Task => Copy every line from the records below that holds the word "their".

━━ Information provided

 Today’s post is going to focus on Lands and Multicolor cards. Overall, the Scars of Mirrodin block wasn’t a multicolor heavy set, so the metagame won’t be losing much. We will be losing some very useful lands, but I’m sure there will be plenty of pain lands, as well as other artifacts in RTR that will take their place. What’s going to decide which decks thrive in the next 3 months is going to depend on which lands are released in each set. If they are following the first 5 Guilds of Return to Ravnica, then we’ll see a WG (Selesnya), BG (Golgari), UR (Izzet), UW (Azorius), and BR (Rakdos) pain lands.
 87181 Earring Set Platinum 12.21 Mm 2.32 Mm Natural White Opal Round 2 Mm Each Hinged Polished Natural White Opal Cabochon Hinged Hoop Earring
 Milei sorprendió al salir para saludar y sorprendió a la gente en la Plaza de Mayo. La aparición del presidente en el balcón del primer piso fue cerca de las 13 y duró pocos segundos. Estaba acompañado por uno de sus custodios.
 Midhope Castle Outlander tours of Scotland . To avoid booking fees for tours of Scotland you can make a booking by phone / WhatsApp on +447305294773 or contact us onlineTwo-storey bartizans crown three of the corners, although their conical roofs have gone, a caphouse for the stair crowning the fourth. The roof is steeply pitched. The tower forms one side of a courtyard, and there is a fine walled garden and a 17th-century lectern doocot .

━━━━
━━ Information provided

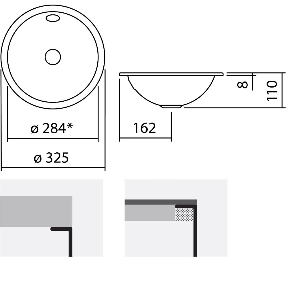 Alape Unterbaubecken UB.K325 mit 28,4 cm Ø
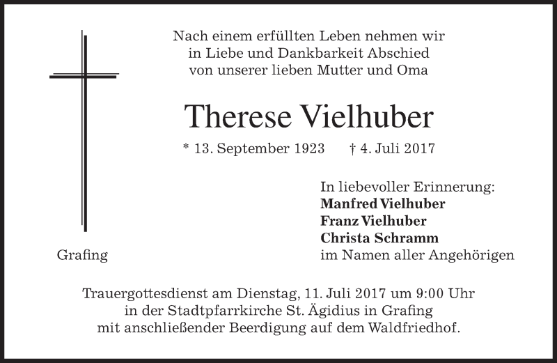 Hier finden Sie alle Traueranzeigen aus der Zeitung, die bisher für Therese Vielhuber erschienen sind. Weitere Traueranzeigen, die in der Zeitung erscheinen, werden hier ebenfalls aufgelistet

━━━━

Reply to the task =>
 Today’s post is going to focus on Lands and Multicolor cards. Overall, the Scars of Mirrodin block wasn’t a multicolor heavy set, so the metagame won’t be losing much. We will be losing some very useful lands, but I’m sure there will be plenty of pain lands, as well as other artifacts in RTR that will take their place. What’s going to decide which decks thrive in the next 3 months is going to depend on which lands are released in each set. If they are following the first 5 Guilds of Return to Ravnica, then we’ll see a WG (Selesnya), BG (Golgari), UR (Izzet), UW (Azorius), and BR (Rakdos) pain lands.
 Midhope Castle Outlander tours of Scotland . To avoid booking fees for tours of Scotland you can make a booking by phone / WhatsApp on +447305294773 or contact us onlineTwo-storey bartizans crown three of the corners, although their conical roofs have gone, a caphouse for the stair crowning the fourth. The roof is steeply pitched. The tower forms one side of a courtyard, and there is a fine walled garden and a 17th-century lectern doocot .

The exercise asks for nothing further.